Alertmanager configuration
# alertmanager.yml
route:
receiver: slack
group_by: ["alertname", "severity"]
group_wait: 30s
group_interval: 5m
repeat_interval: 4h
receivers:
- name: slack
slack_configs:
- api_url: "https://hooks.slack.com/services/XXX"
channel: "#alerts"
send_resolved: true
Pautas
- Usar el método RED — Rate, Errors, Duration para cada servicio
- Usar el método USE — Utilization, Saturation, Errors para resources
- Labear consistentemente — service, environment, version en todas las metrics
- Setear retention sabiamente — 15s scrape por 15 días, luego downsample
- Usar structured logging — JSON logs con trace IDs para correlation con Loki
- Inyectar trace IDs en logs — habilita saltar de traces a logs en Grafana
- Usar OpenTelemetry — standard de instrumentación vendor-neutral
- Provisionar dashboards as code — version control tus dashboards
- Alertar en síntomas, no causas — alertar en degradation visible para el usuario
- Setear SLO-based alerts — burn rate alerts capturan degradation sostenida
- Usar templates de Grafana — un dashboard para todos los servicios con variables
- Mantener cardinality baja — evitar labels de alta cardinality (user IDs, request IDs)
Errores Comunes
- Usar labels de alta cardinality — explota el memory usage de Prometheus
- No setear retention limits — el disco de Prometheus se llena
- Alertar en cada spike — alert fatigue mata la calidad de signal
- No correlacionar traces con logs — buscar logs manualmente desperdicia tiempo
- Guardar todos los logs con la misma retention — caro e innecesario
- No instrumentar downstream calls — blind spots en trace graphs
- Usar counters sin rate() — counters raw son meaningless
- No versionar dashboards — cambios ad-hoc rompen views compartidas
- Ignorar USE metrics para infra — CPU y disk saturation se miss
- No testear alert rules — alerts fire incorrectamente o no fire
Preguntas Frecuentes
¿Cuál es la diferencia entre metrics, logs y traces?

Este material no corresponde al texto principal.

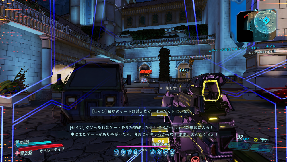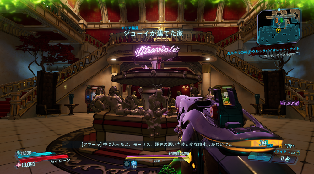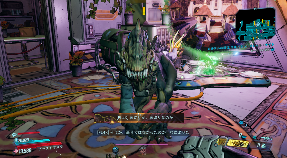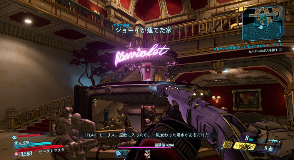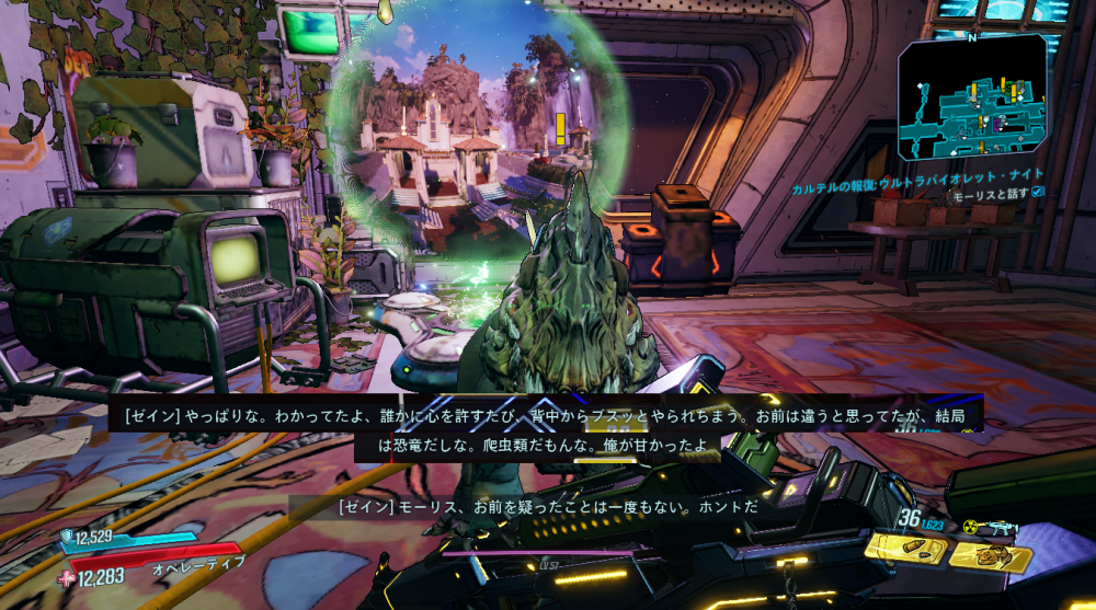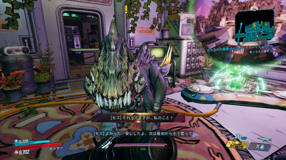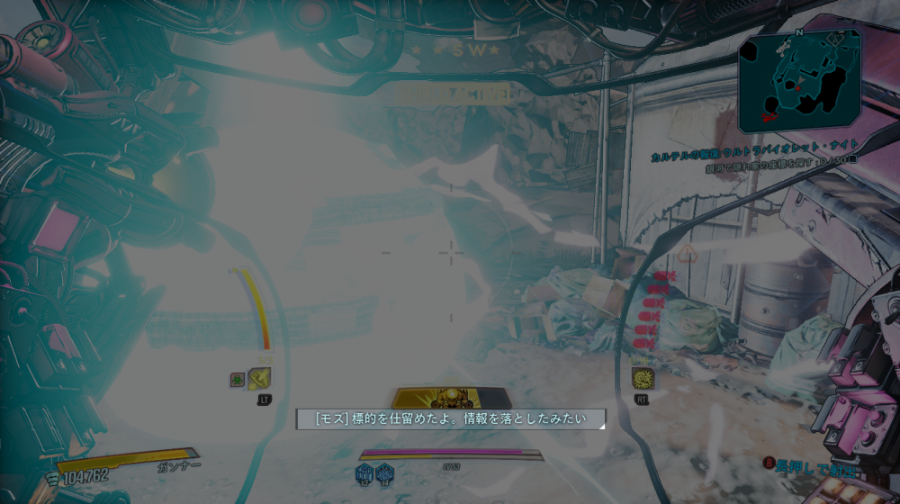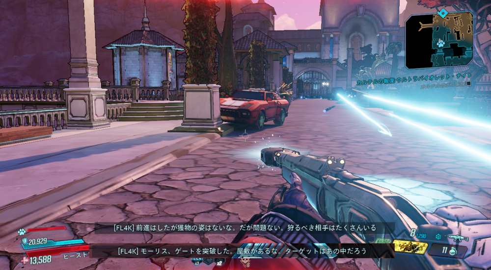 2020/05/22 Category : ボダラン3キャラ台詞 台詞:カルテルの報復 2020/4/26~2020/6/4 期間限定イベント「カルテルの報復」のキャラ個別台詞まとめ モズ→アマーラ→FL4K→ゼインの順番 1:モーリスに「【敵】から狙われているので助けてほしい」と依頼される 2:どうやらモーリスがカルテルとトラブルを起こした。その報復を受けているという。 3:銀河のどこかにいる、敵の居場所をどうやって特定したものか… 4:情報屋を倒し、ビーコン発動。敵の居場所の座標を入手する 5:情報を集めて敵の本拠地「ヴィラ・ウルトラバイオレット」に突入。1つめのゲートを突破。 6:2つめのゲートを突破。先に屋敷が見える。 7:屋敷の中には怪しい噴水 8:屋敷の中にはちょっとした謎解きも。 9:謎解き突破。 ボスを倒すとモーリスが怖い発言を… 10:モーリスの発言に警戒の色を見せるヴォルト・ハンター。 11:物言いが物騒なだけだった。安心して報酬をもらう。 おしまい。 PR Comment0 Comment Comment Form お名前name タイトルtitle メールアドレスmail address URLurl コメントcomment パスワードpassword

Metrics son mediciones numéricas agregadas a lo largo del tiempo (CPU usage, request count). Logs son eventos discretos con timestamps y context (error messages, audit trails). Traces siguen un solo request across service boundaries, mostrando la causal chain y timing de cada step. Los tres son necesarios para full observability.
¿Cómo correlaciono traces con logs en Grafana?
Configurar tracesToLogs de Tempo en el datasource config para linkear a Loki. Al ver un trace, Grafana muestra un tab “Logs” que queriea Loki por logs matcheando el service, span y time range del trace. Asegurar que tu aplicación loguea el trace ID como field.
¿Debo usar Grafana Cloud o self-host?
Grafana Cloud es managed y escala automáticamente — bueno para equipos sin ops capacity. Self-hosting da control total y evita per-metric pricing pero requiere maintenance capacity. Para equipos pequeños, el free tier de Grafana Cloud cubre hasta 10k active metrics y 50GB logs.